Well one could implement behavior trees in any language that expands expressions…but I really meant imperative languages. Attempting to write BTs in an imperative language would be horrible.

Traditional languages for general purpose programming are loaded with glaring faults…but that’s a different story. I spend a high percentage of my time writing in DSLs because there isn’t a GP language that covers a particular need.

Then it may be too late and he may need to refactor everything. Don’t get me wrong, you are essentially right, but I’d try to think ahead of the problem.

It’s not that i have a problem at the moment, but more of asking for advice on scripting languages and how one would use them in their game and which would be best to use/learn.

You need to anyway. Anybody ever created a nontrival software, had found that thinking ahead of a problem most of the time does not work, simply because there is so much that can go wrong, especially with complex systems.

So the most successful strategy is to keep things simple until you are forced to add another layer of complexity. Then design this layer taken into account the use-case you currently know of and refactor. You’ll find that you will do this more than once.
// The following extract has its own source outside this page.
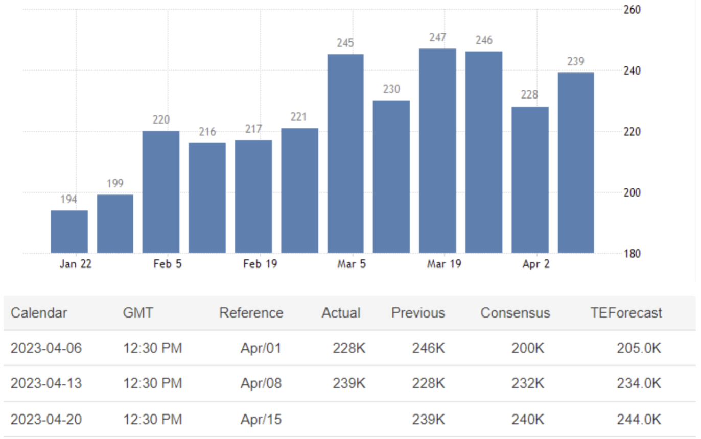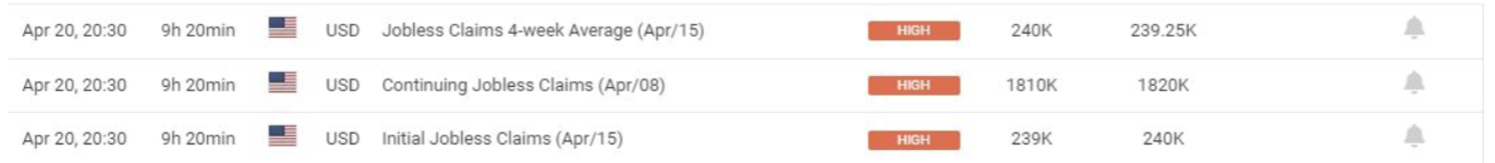 April 20 21:30 JPT; 12:30 GMT, 4月8日に終わる週の米国人失業者数は11千人増の239千人となり、市場予想(232千人)を上回った。失業保険申請件数は3週間ぶりに増加し、3月の一連のデータで米国の労働市場の軟化が指摘され、米連邦準備制度理事会が今年中に複数回の利下げを行う可能性があるという現在のベットが強化されたことと一致している。

Trying to fight future problems with complexity will most likely fail. The worst complexity you’ll find in a system is the one you introduced to make something look simple and hide complexity. This not only introduce invisible complexity, but also inflexibility, because you have no clear vision of the control flow where you can handle stuff, you didn’t think of while designing your abstraction.
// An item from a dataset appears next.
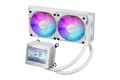 Mit der Ryujin III White Edition bist du noch cooler als cool. Sein makelloser Rahmen beherbergt einen großen 3,5-Zoll-LCD-Bildschirm, auf dem Live-Statistiken, animierte GIFs oder sogar dein eigenes Kunstwerk angezeigt werden. Darunter sorgt eine neue Asetek-Pumpe der 8. Generation für die Kühlung der neuesten Prozessoren von Intel® und AMD, während ein eingebauter Axial-Tech-Lüfter hilft, die VRM-Temperaturen des Mainboards zu kontrollieren. Die Kühlflüssigkeit im Inneren fließt durch 400 mm verstärkte Rohre und einen Radiator mit höherer Kapazität, der von zwei magnetischen ROG 120 mm ARGB-Lüftern gekühlt wird, was die Installation und Anpassung zum Kinderspiel macht.

A scripting layer is something way more complex and involves more work that you typically think beforehand:

  • You need to define an API that is public to your scripting and provides access to the needed subsystems
  • You need to document this well, because you might loose IDE support for code-completion
  • You might (partly) loose debugebility, since you cant step through scripts or over script/engine boundaries easily
  • You might (partly) loose refactoring, since IDEs might not recognize your scripts calling refactored classes and methods
  • You need to make your engine thread-safe, since scripts usually run in threads and might access you engine objects arbitrary
  • You need to find a way to organize/limit those threads with pooling and execution schedules, since you don’t want a thread per entity for larger games
  • You need to handle script contexts and their garbage collection to not introduce memory leaks
  • etc.

Depending on the language choosen and the use-case implemented, not all of the above might hold, but on the other hand you might get a lot more of those in other cases, so you get the idea…

All in all I would go for just using java and maybe some continuations framework to be able to write non-stepped behaviours.

The only purpose of using a scripting language in Java that I can see is, if you want to outsource large parts of your game logic (like quest logic) to be done by somebody else who can’t be bothered or shouldn’t have to compile the game all the time while working on his part. Like an artist working on textures for example.
Personally, I never really understood the need for a scripting language for anything other than that. In my RPG, I have XML descriptions for dialogs and quests. They support dynamic branching and a basic set of conditions via some specific attributes. That way, you can still have logic errors in your quests but it’s far easier to comprehend than some dedicated script IMHO.

Speaking of which,

https://github.com/praxis-live/compiler-javac7 - forked version of javac
https://github.com/praxis-live/compiler-janino-commons - forked version of Janino to work with above compiler, so allowing class / method / expression bodies as well as classes.

Incidentally, this is how Praxis LIVE handles live coding. In fact, Praxis LIVE projects are saved as fragments of class body code in source format, interspersed with connection data and properties. Java is a great scripting language!

OP. Since you need to ask why you need then you’re answering your own question. You don’t. A better place to look would be data driven design which you can get a ton of mileage out of.